Surtout, le CAE insiste sur la faiblesse de l’impact économique global : “Même en prenant la borne haute (et conservatrice) des effets estimés de la fiscalité du capital sur les expatriations, et en considérant une réforme fiscale de + 4 milliards de recettes (0,15 % du PIB), les effets agrégés sur l’activité économique à long terme restent faibles”. Dans ce scénario, la perte de valeur ajoutée totale ne dépasserait pas – 0,05 %.

Pour les auteurs, l’essentiel du problème se situe ailleurs. “Le débat public, en se focalisant sur l’exil fiscal, se trompe donc sans doute de cible”, préviennent-ils. Et de souligner que “plusieurs travaux indiquent des comportements d’optimisation sophistiqués chez les très hauts patrimoines […] ainsi que l’utilisation généralisée des lacunes du système d’information et de contrôle des déclarations de patrimoines à des fins d’évasion fiscale”.

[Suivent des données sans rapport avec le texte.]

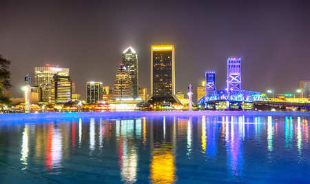 JACKSONVILLE, FL - FEBRUARY 15, 2016: City lights at night. Jacksonville is a famous destination in Florida.
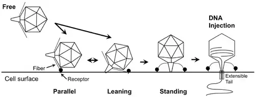 The phage first adheres to the cell surface with its tail parallel to or leaning at an angle to the cell surface in the pre-infection stage. The tail then firmly stands on the cell surface and extends its fibers horizontally, rendering the phage infection-competent, after which viral DNA is released into the cell through an extensible tube.[21]
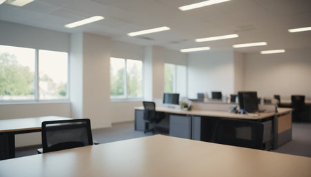 Modern office interior with furniture and equipment. Selective focus. Blurred background
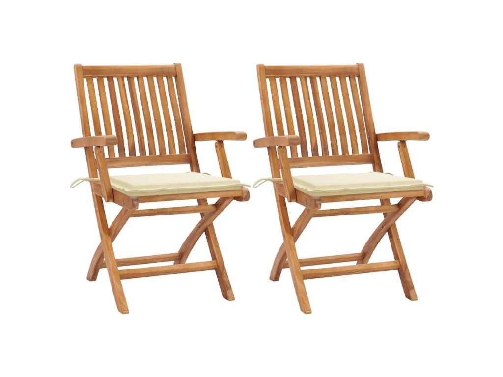 vidaXL Záhradné stoličky 2 ks s krémovými podložkami tíkový masív
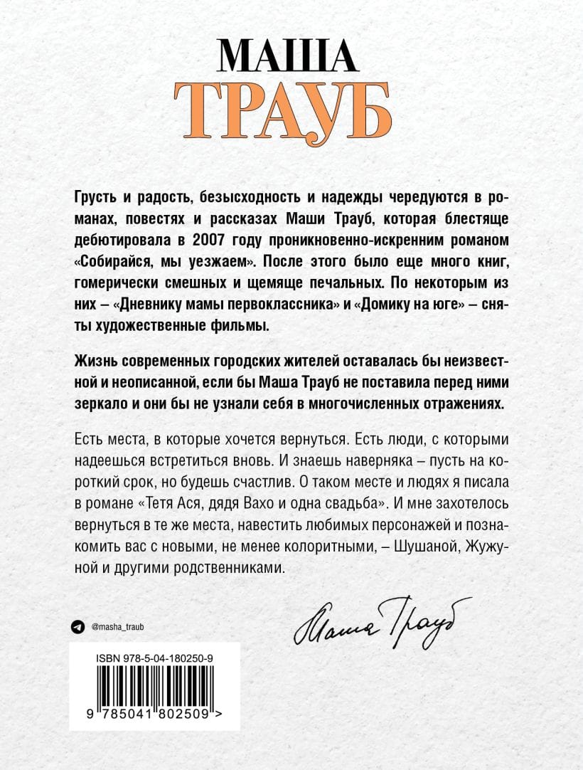 A bustling, vibrant city. People who consider you a close friend within minutes of meeting you. No one can describe such a life quite like Masha Traub, whose books are like the beloved comedies of Georgy Danelia—they make you cry and laugh, fill you with delight and empathy. This is exactly what we look for in a book: the opportunity to experience a full range of emotions.
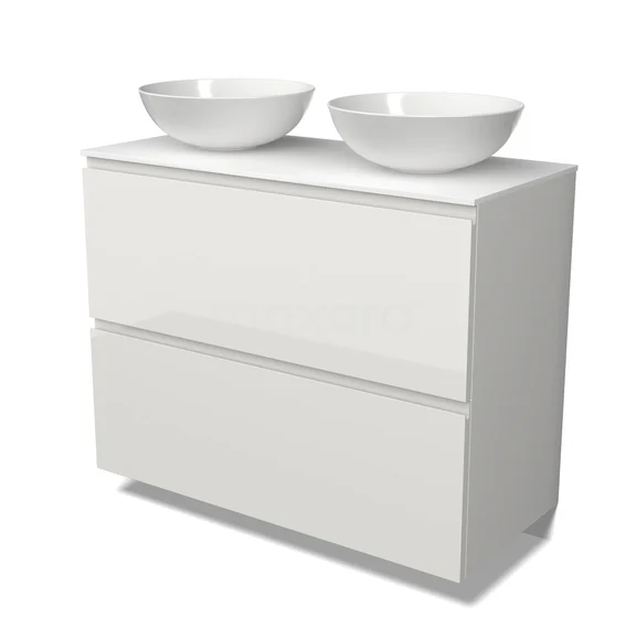 Modulo Plato Vanity units for countertop basin | 100 cm High-gloss white Handle-less front Solid surface worktop 2 stacked drawers under each other
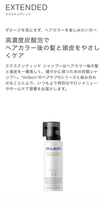 ヘアカラー後、アルカリ性に傾いた髪と頭皮を整え、健やかな状態に保ちます。エクステンティッド シャンプーの泡は、高濃度炭酸を配合した濃密で持続性のある泡質です。マイクロ炭酸泡がヘアカラー後の汚れや気になるニオイを洗い落とします。ヘアカラー後の髪と頭皮に残った臭いを心地よい香りに調和させます。
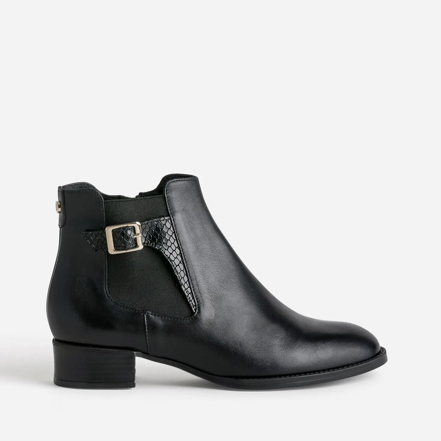 Modèle essentiel du shoesing, le boots plat séduit par son élégance innée. En cuir lisse noir, il multiplie les détails pour gagner en valeur ajoutée : élastique latéral, patte en cuir embossé effet python, zip intérieur, talon décroché, semelle première amovible. Ses propriétés d’amorti, de respirabilité et de durabilité ne sont plus à prouver. Un modèle intemporel, pensé pour durer dans le temps.

1 euro taxé, 26 centimes réellement collectés par l’État

En Scandinavie, les données montrent que pour chaque euro attendu d’une hausse de fiscalité, seuls 26 centimes sont réellement collectés : “54 centimes disparaissent du fait des réponses comportementales à la marge intensive, contre 20 centimes à la marge extensive” (étude Jakobsen et al., 2024, repris par le CAE).

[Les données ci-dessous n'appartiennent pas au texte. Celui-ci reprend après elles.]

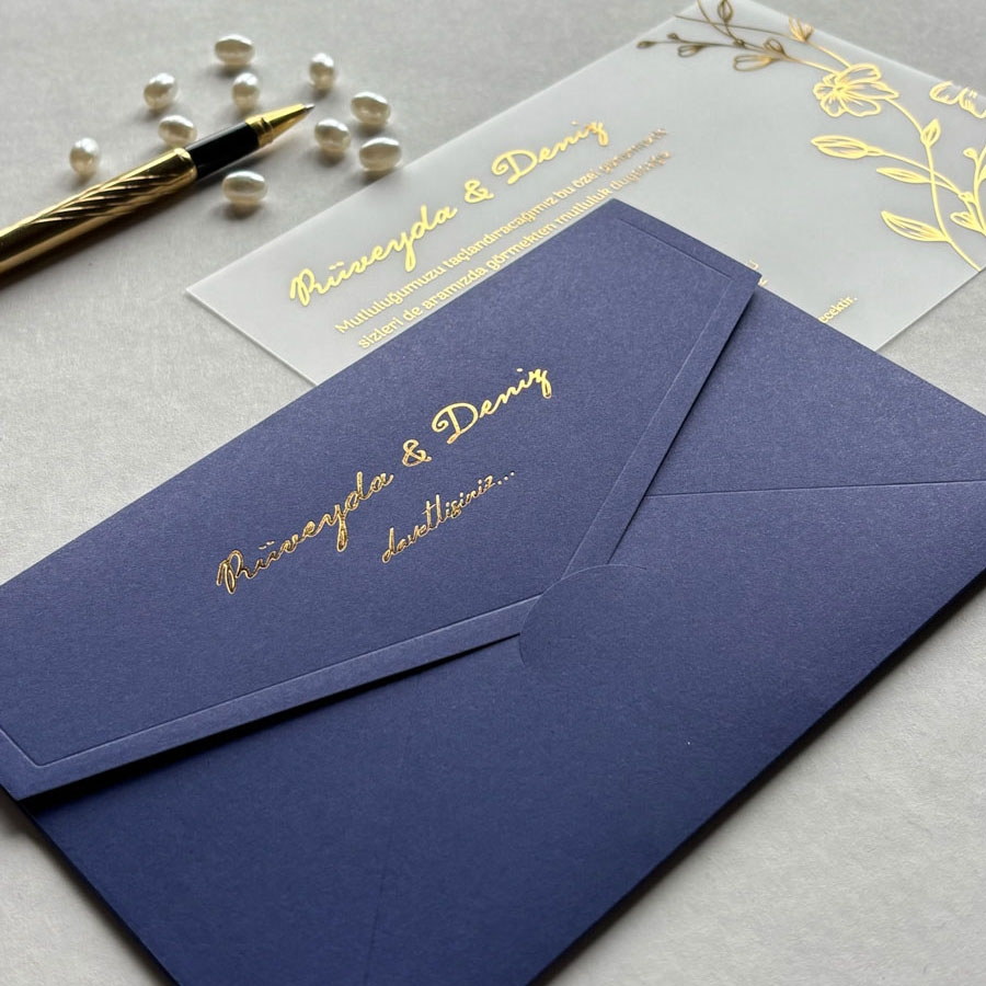 Yatay Dikdörtgen Lacivert Zarf Gold Yaldızlı Şeffaf Davetiye - 701

Invité à réagir aux propos de François Bayrou, Gabriel Zucman avait déjà exprimé sa surprise sur les réseaux sociaux : “Je suis très surpris par vos propos…”, avait-il aussi déclaré sur BFMTV. Pour lui, l’idée que la taxe qu’il propose menacerait l’investissement en France est “incompréhensible”. L’économiste rappelle que, selon le CAE, l’exil fiscal reste “relativement modeste” et n’a “qu’un effet marginal sur l’économie française”

Ainsi, là où le Premier ministre brandit le spectre d’une fuite massive des capitaux, le rapport du CAE comme les analyses de Gabriel Zucman mettent en avant une autre réalité : l’exil fiscal existe, mais ses effets sont limités. Les pertes majeures pour les finances publiques viennent surtout de l’optimisation et de l’évasion fiscales, bien plus que d’un hypothétique “nomadisme” des plus riches.